Extracted records
>>>>
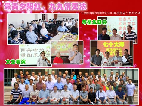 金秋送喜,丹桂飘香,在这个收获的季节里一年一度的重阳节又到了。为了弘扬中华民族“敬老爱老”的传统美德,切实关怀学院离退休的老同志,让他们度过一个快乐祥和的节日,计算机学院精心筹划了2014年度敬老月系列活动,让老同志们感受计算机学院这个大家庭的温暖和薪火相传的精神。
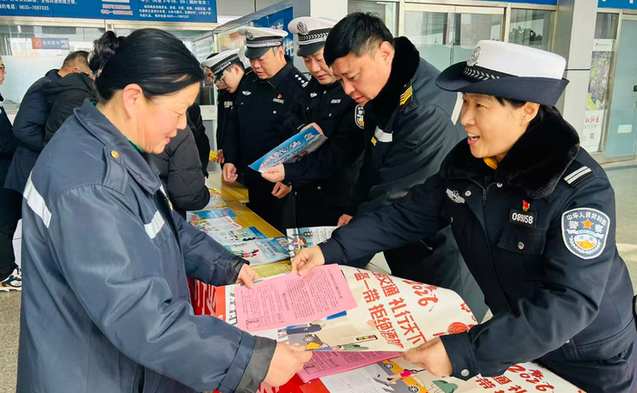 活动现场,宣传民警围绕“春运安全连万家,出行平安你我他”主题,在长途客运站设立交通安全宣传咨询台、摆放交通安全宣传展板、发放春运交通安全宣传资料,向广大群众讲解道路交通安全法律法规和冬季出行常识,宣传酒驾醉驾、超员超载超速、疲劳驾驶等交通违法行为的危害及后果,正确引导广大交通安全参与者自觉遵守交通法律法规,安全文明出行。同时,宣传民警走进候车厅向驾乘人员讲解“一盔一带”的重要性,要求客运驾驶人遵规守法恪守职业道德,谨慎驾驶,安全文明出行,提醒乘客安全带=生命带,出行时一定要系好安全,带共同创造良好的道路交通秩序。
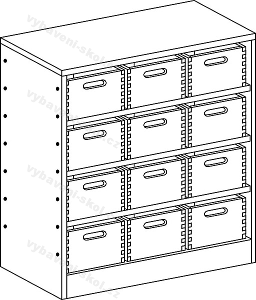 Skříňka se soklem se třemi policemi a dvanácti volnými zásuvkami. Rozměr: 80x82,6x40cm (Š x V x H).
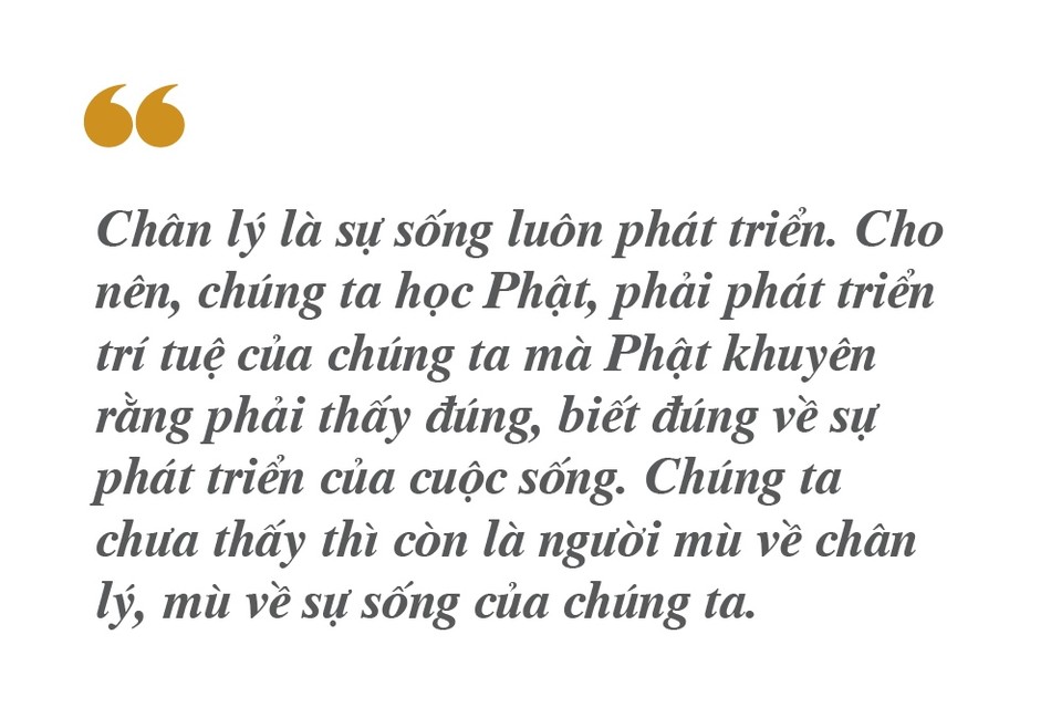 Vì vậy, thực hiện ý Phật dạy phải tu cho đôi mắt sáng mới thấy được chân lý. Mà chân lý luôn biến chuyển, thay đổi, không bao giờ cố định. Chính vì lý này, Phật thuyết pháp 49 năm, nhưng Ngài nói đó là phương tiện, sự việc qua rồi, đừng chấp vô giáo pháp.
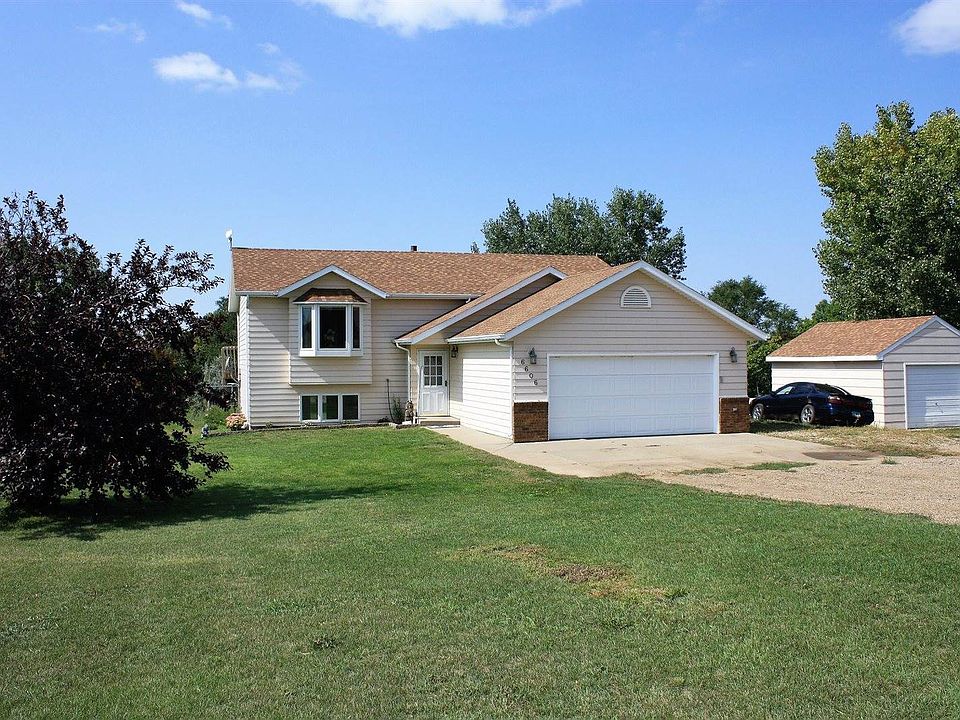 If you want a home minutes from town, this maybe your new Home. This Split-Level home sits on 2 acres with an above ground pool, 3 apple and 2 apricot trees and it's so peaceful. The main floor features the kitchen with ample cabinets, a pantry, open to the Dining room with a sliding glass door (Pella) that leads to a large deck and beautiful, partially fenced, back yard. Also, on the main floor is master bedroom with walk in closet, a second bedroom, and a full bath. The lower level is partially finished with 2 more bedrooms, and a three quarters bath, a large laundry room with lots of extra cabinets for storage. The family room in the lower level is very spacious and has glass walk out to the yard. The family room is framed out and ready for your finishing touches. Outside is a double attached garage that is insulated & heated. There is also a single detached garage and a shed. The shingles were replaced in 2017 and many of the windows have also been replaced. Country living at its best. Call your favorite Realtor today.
<<<<
(Requirement)
Copy every record exactly as written, leaving out the pictures.

(Solution to this exercise)
 金秋送喜,丹桂飘香,在这个收获的季节里一年一度的重阳节又到了。为了弘扬中华民族“敬老爱老”的传统美德,切实关怀学院离退休的老同志,让他们度过一个快乐祥和的节日,计算机学院精心筹划了2014年度敬老月系列活动,让老同志们感受计算机学院这个大家庭的温暖和薪火相传的精神。
 活动现场,宣传民警围绕“春运安全连万家,出行平安你我他”主题,在长途客运站设立交通安全宣传咨询台、摆放交通安全宣传展板、发放春运交通安全宣传资料,向广大群众讲解道路交通安全法律法规和冬季出行常识,宣传酒驾醉驾、超员超载超速、疲劳驾驶等交通违法行为的危害及后果,正确引导广大交通安全参与者自觉遵守交通法律法规,安全文明出行。同时,宣传民警走进候车厅向驾乘人员讲解“一盔一带”的重要性,要求客运驾驶人遵规守法恪守职业道德,谨慎驾驶,安全文明出行,提醒乘客安全带=生命带,出行时一定要系好安全,带共同创造良好的道路交通秩序。
 Skříňka se soklem se třemi policemi a dvanácti volnými zásuvkami. Rozměr: 80x82,6x40cm (Š x V x H).
 Vì vậy, thực hiện ý Phật dạy phải tu cho đôi mắt sáng mới thấy được chân lý. Mà chân lý luôn biến chuyển, thay đổi, không bao giờ cố định. Chính vì lý này, Phật thuyết pháp 49 năm, nhưng Ngài nói đó là phương tiện, sự việc qua rồi, đừng chấp vô giáo pháp.
 If you want a home minutes from town, this maybe your new Home. This Split-Level home sits on 2 acres with an above ground pool, 3 apple and 2 apricot trees and it's so peaceful. The main floor features the kitchen with ample cabinets, a pantry, open to the Dining room with a sliding glass door (Pella) that leads to a large deck and beautiful, partially fenced, back yard. Also, on the main floor is master bedroom with walk in closet, a second bedroom, and a full bath. The lower level is partially finished with 2 more bedrooms, and a three quarters bath, a large laundry room with lots of extra cabinets for storage. The family room in the lower level is very spacious and has glass walk out to the yard. The family room is framed out and ready for your finishing touches. Outside is a double attached garage that is insulated & heated. There is also a single detached garage and a shed. The shingles were replaced in 2017 and many of the windows have also been replaced. Country living at its best. Call your favorite Realtor today.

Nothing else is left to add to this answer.